The version of Berkeley DB that comes with either UnixWare 7.1.4 or OpenServer 6.0.0 is not used when building MySQL. MySQL instead uses its own version of Berkeley DB. The configure command needs to build both a static and a dynamic library in src_directory/bdb/build_unix/, but it does not with MySQL's own BDB version. The workaround is as follows.

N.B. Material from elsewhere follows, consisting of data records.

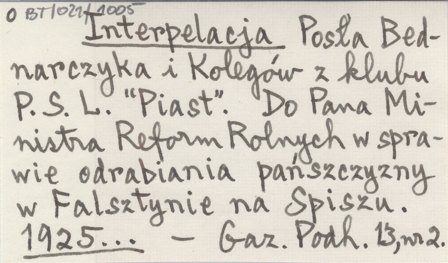 Interpelacja Posła Bednarczyka i Kolegów z klubu P.S.L. "Piast". Do Pana Ministra Reform Rolnych w sprawie odrabiania pańszczyzny w Falsztynie na Spiszu. 1925...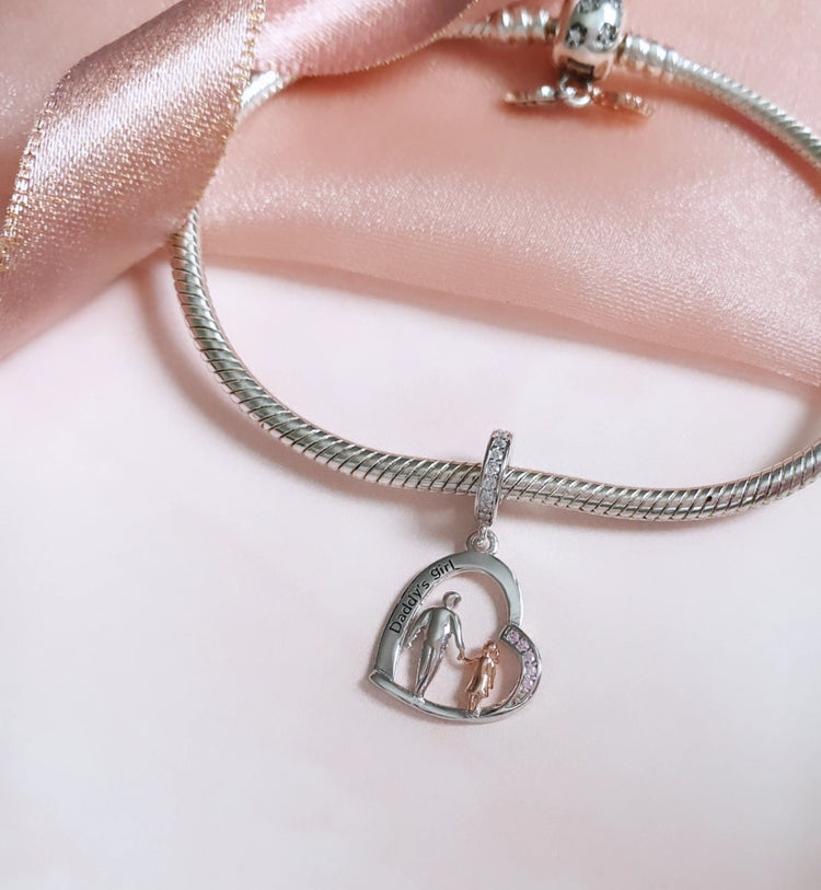 Wunderschöner und hochwertiger Charm aus 925er Sterlingsilber mit einem herzförmigen Anhänger, der mit funkelnden rosafarbenen Zirkonia-Kristallen verziert ist. Im Herzen befinden sich silberne und roségoldene Figuren eines Vaters und einer Tochter, die sich an den Händen halten. Der Anhänger ist mit einem kleinen Text mit der Aufschrift „Daddy's Girl“ beschriftet. eine wunderschöne Ergänzung für Ihr Bettelarmband oder Geschenk für einen besonderen Menschen.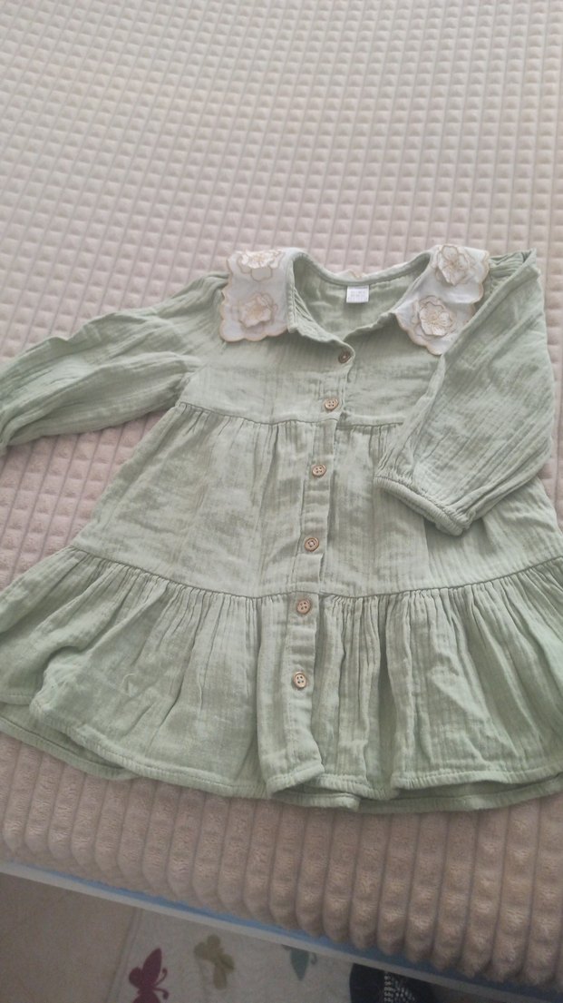 Uzun kollu, düğmeli, yakasında çiçek nakışı Müslin kız elbise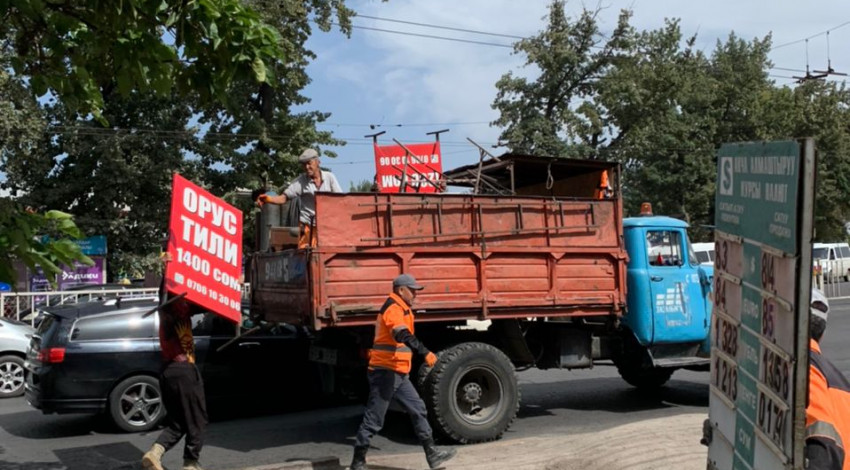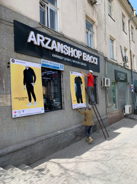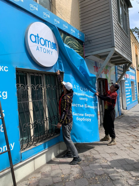 Бишкек шаарынын мэриясы “Кыргыз Республикасынын мамлекеттик тили жөнүндө” Кыргыз Республикасынын Мыйзамынын талаптарына ылайык келбеген жана уруксатсыз илинген жарнамаларды алуу иштерин жүргүзүүдө.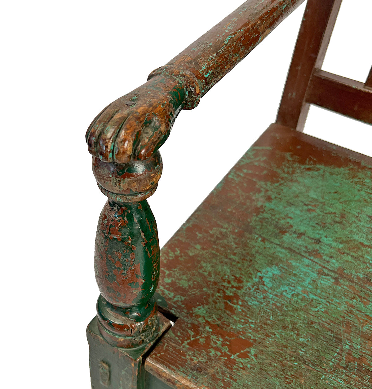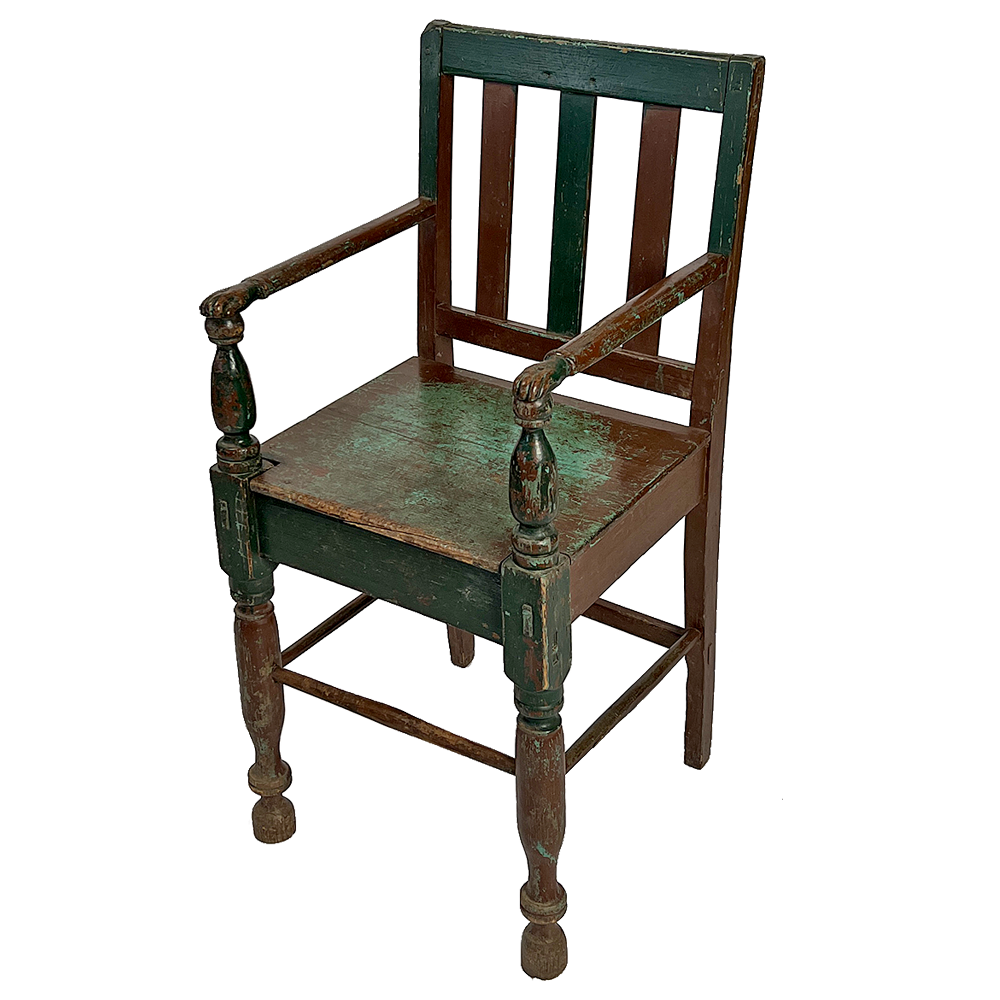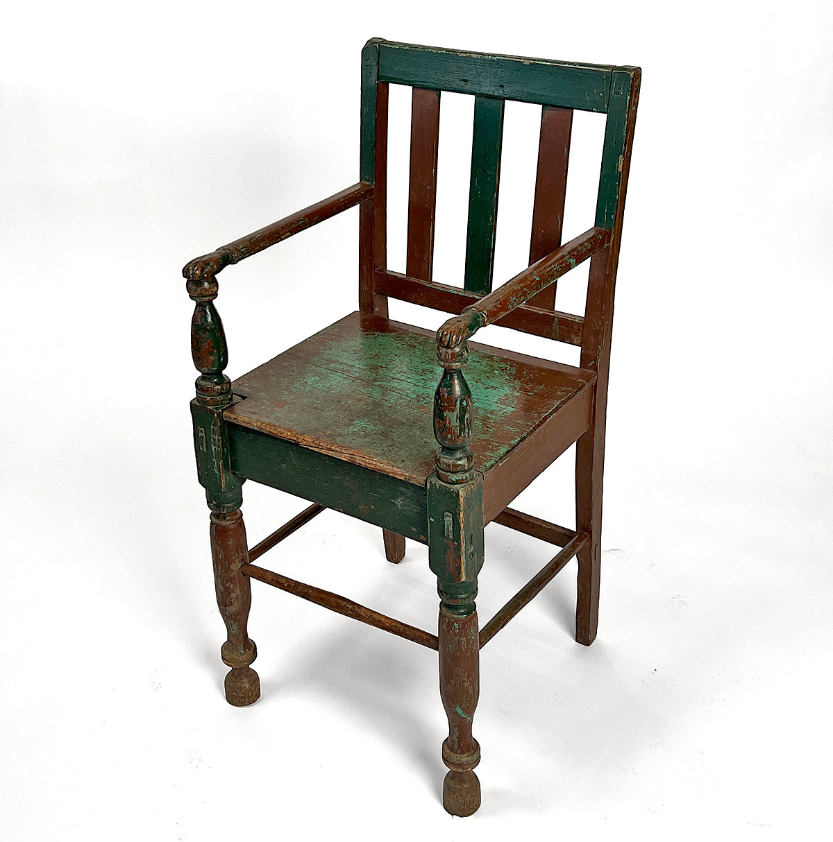 Late 19th / early 20th century hand painted and hand carved barber's chair from Guatemala. Excellent surface wear and patina.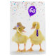 Cute fuzzy yellow duckling couple on a white background with a purple 60th birthday balloon.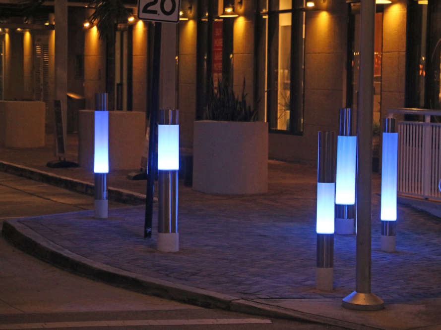 Solera provided WND-1 light column and bollards for a high traffic pedestrian area in Dadeland, FL. The lens profiles for all the luminaires on this project were unique, in other words, different heights. The luminaires were DMX controlled to make them color changing.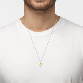 Nossa Collection Tennis VL accessoires, Reflete todo Cuidado e Atenção que temos ao elaborar nossas peças. Apresentamos o Colar Tennis e Bolinha da Sorte Revestido em Ródio, inspirado no jogo de Tennis. O Conjunto banhado a Ródio traz um Ponto de Luz que Brilha sutilmente. Uma lembrança Atemporal que defende uma Estética Unissex Ultramoderna.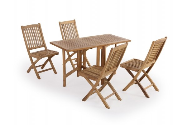 Dette sæt består af Marstal butterfly-bord samt 4 stk. Mia foldestole uden armlæn. Fremstillet i kerne-teaktræ.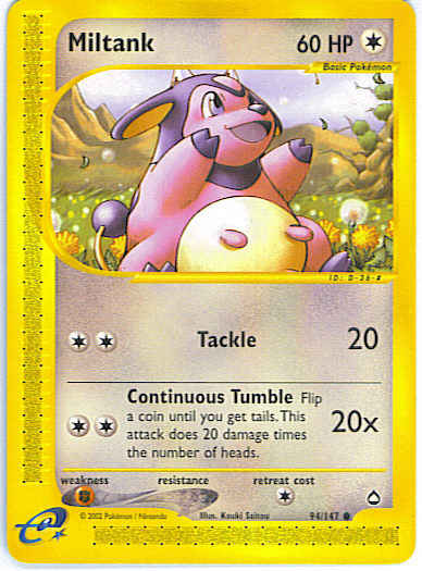 Type | Colorless | Pokemon serie | Aquapolis | Stadie | Basic | HP | 60 | Sjældenhed | Common | Tilbagetrækning | 1 | Svaghed | F | Kortnummer | 94 | Evne | [CC] Tackle (20) [CC] Continuous Tumble (20x) Flip a coin until you get tails. This attack does 20 damage times the number of heads.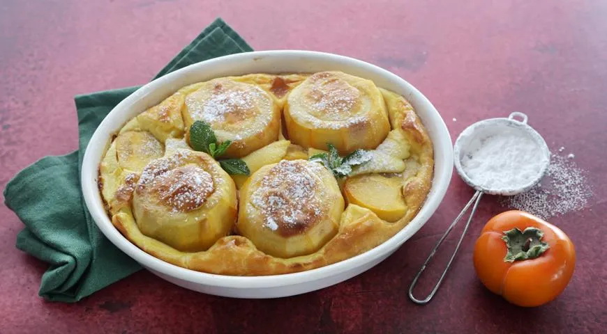 Dėkite persimonus į kepimo formą, apliekite grietininiu padažu ir kepkite orkaitėje 180 laipsnių temperatūroje 20 minučių.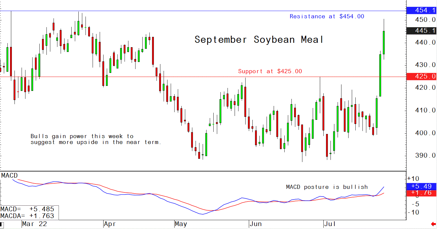 September soybean meal futures--$425.00 to $454.00, and with a sideways-higher bias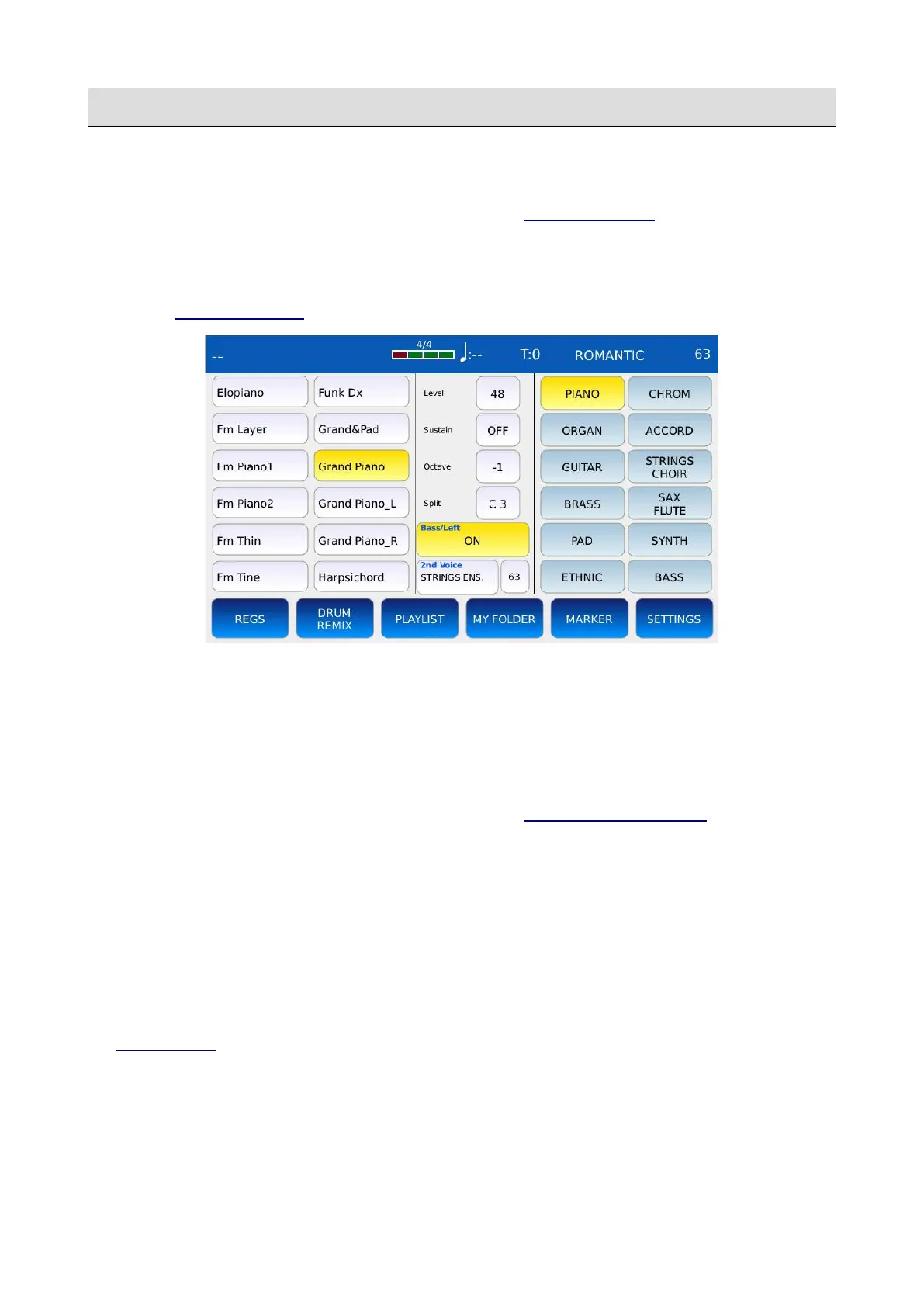 • LEVEL: adjust the volume of the BASS layer. Values range from 16 to 63.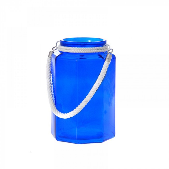 Стъклен свещник с въжена дръжка, син, 17х17х26 см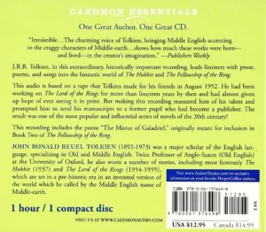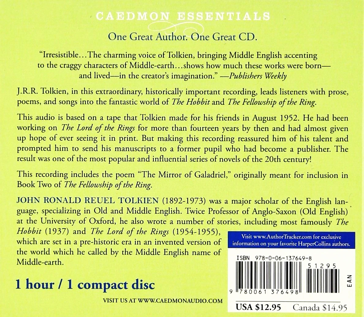 Selected excepts from TC 1477 JRR Tolkien Reads and Sings His The Hobbit and The Fellowship of the Ring. Includes excerpts from The Hobbit and The Fellowship Of The Ring plus the poem The Mirror of Galadriel.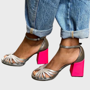 Lumineuse. Ludique. Libre. Les sandales Édith mélangent les codes avec brio : un dessus argenté élégant, une bride fine à la cheville et un talon bloc fuchsia éclatant qui ne passe pas inaperçu. Un équilibre parfait entre rétro glamour et énergie contemporaine.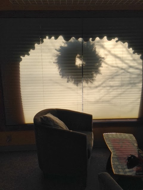 I started trying to decorate a bit today. I hung two wreaths outside the windows. The shadow on the inside blinds was really pretty...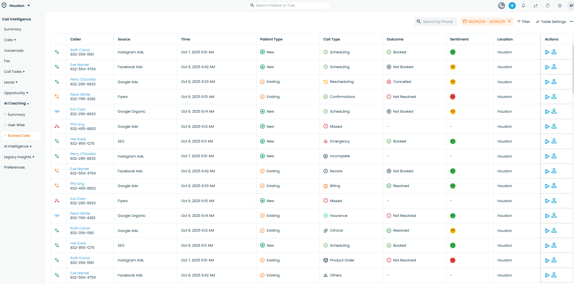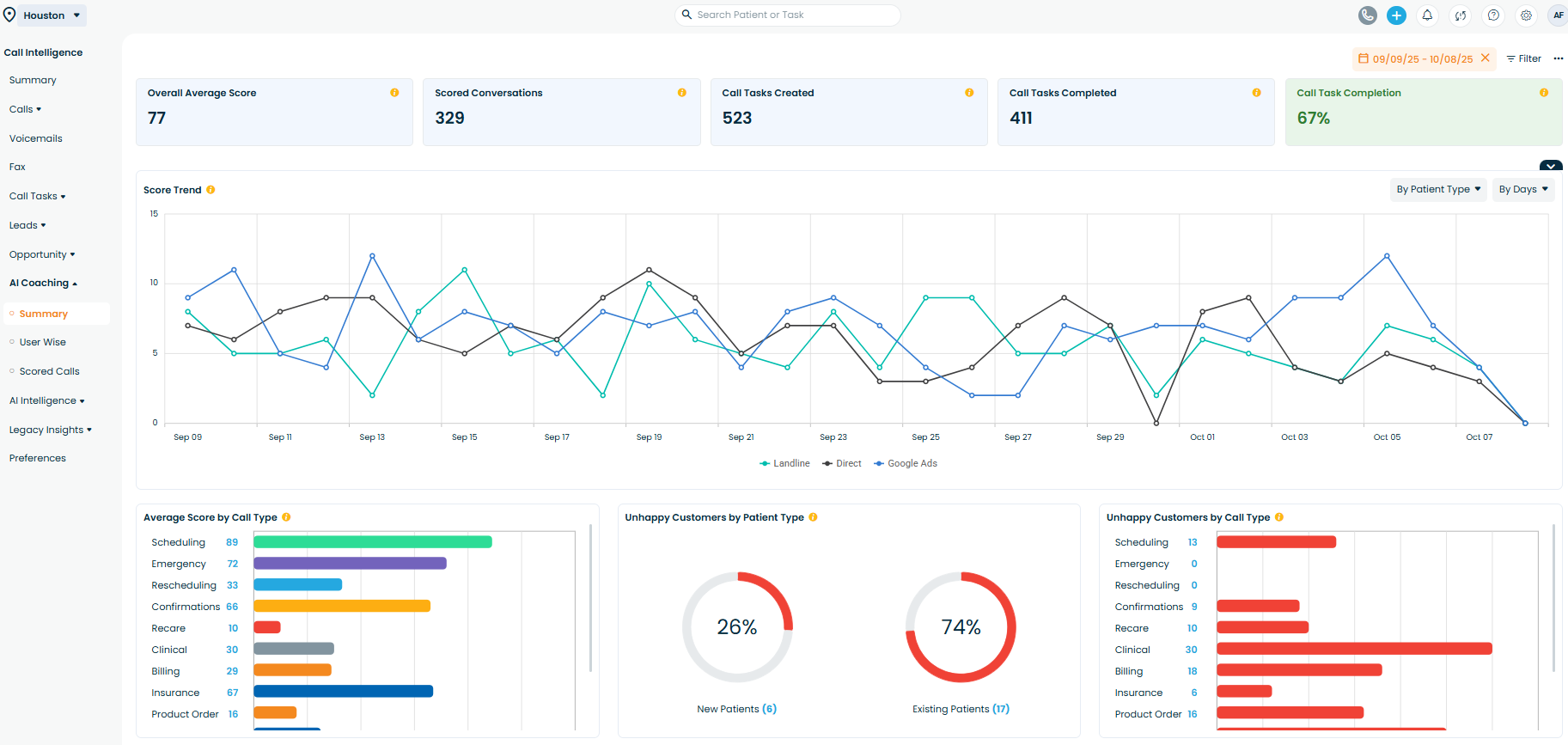 - Review specific calls behind a metric (for example, unhappy new patients or low scores in a time period).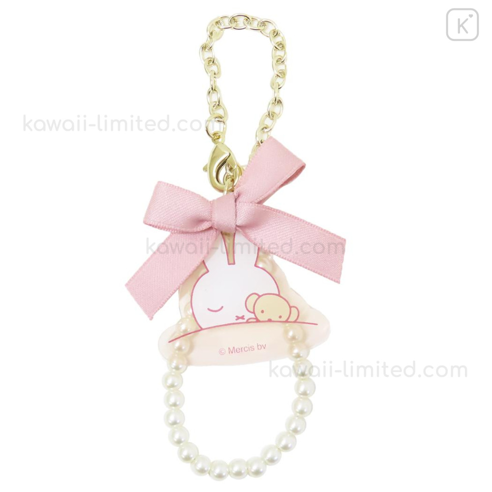 Japan Miffy Pearl Mascot Bag Charm Acrylic Keychain - Miffy : Dreamy Night Pink Ribbon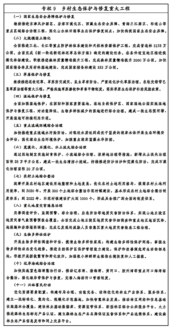 统筹山水林田湖草系统治理,优化生态安全屏障体系。大力实施大规模国土绿化行动,全面建设三北、长江等重点防护林体系,扩大退耕还林还草,巩固退耕还林还草成果,推动森林质量精准提升,加强有害生物防治。稳定扩大退牧还草实施范围,继续推进草原防灾减灾、鼠虫草害防治、严重退化沙化草原治理等工程。保护和恢复乡村河湖、湿地生态系统,积极开展农村水生态修复,连通河湖水系,恢复河塘行蓄能力,推进退田还湖还湿、退圩退垸还湖。大力推进荒漠化、石漠化、水土流失综合治理,实施生态清洁小流域建设,推进绿色小水电改造。加快国土综合整治,实施农村土地综合整治重大行动,推进农用地和低效建设用地整理以及历史遗留损毁土地复垦。加强矿产资源开发集中地区特别是重有色金属矿区地质环境和生态修复,以及损毁山体、矿山废弃地修复。加快近岸海域综合治理,实施蓝色海湾整治行动和自然岸线修复。实施生物多样性保护重大工程,提升各类重要保护地保护管理能力。加强野生动植物保护,强化外来入侵物种风险评估、监测预警与综合防控。开展重大生态修复工程气象保障服务,探索实施生态修复型人工增雨工程。

  1. Configure as normal for MySQL.

  2. cd bdb/build_unix/

  3. cp -p Makefile Makefile.sav

  4. Use same options and run ../dist/configure.

  5. Run gmake.

  6. cp -p Makefile.sav Makefile

  7. Change location to the top source directory and run gmake.

This enables both the shared and dynamic libraries to be made and work.

SCO provides OpenServer 6 operating system patches at ftp://ftp.sco.com/pub/openserver6.

SCO provides information about security fixes at ftp://ftp.sco.com/pub/security/OpenServer.

By default, the maximum file size on a OpenServer 6.0.0 system is 1TB. Some operating system utilities have a limitation of 2GB. The maximum possible file size on UnixWare 7 is 1TB with VXFS or HTFS.

OpenServer 6 can be configured for large file support (file sizes greater than 2GB) by tuning the UNIX kernel.

By default, the entries in /etc/conf/cf.d/mtune are set as follows:

Value           Default         Min             Max
-----           -------         ---             ---
SVMMLIM         0x9000000       0x1000000       0x7FFFFFFF
HVMMLIM         0x9000000       0x1000000       0x7FFFFFFF

To make changes to the kernel, use the idtune name parameter command. idtune modifies the /etc/conf/cf.d/stune file for you. To set the kernel values, execute the following commands as root:

# /etc/conf/bin/idtune SDATLIM 0x7FFFFFFF
# /etc/conf/bin/idtune HDATLIM 0x7FFFFFFF
# /etc/conf/bin/idtune SVMMLIM 0x7FFFFFFF
# /etc/conf/bin/idtune HVMMLIM 0x7FFFFFFF
# /etc/conf/bin/idtune SFNOLIM 2048
# /etc/conf/bin/idtune HFNOLIM 2048

Then rebuild and reboot the kernel by issuing this command:

# /etc/conf/bin/idbuild -B && init 6

To tune the system, the proper parameter values to use depend on the number of users accessing the application or database and size the of the database (that is, the used buffer pool). The following kernel parameters can be set with idtune:

  • SHMMAX (recommended setting: 128MB) and SHMSEG (recommended setting: 15). These parameters have an influence on the MySQL database engine to create user buffer pools.

  • SFNOLIM and HFNOLIM should be at maximum 2048.

  • NPROC should be set to at least 3000/4000 (depends on number of users).

  • The following formulas are recommended to calculate values for SEMMSL, SEMMNS, and SEMMNU:

    SEMMSL = 13

    13 is what has been found to be the best for both Progress and MySQL.

    SEMMNS = SEMMSL * number of db servers to be run on the system

    Set SEMMNS to the value of SEMMSL multiplied by the number of database servers (maximum) that you are running on the system at one time.


    Set the value of SEMMNU to equal the value of SEMMNS. You could probably set this to 75% of SEMMNS, but this is a conservative estimate.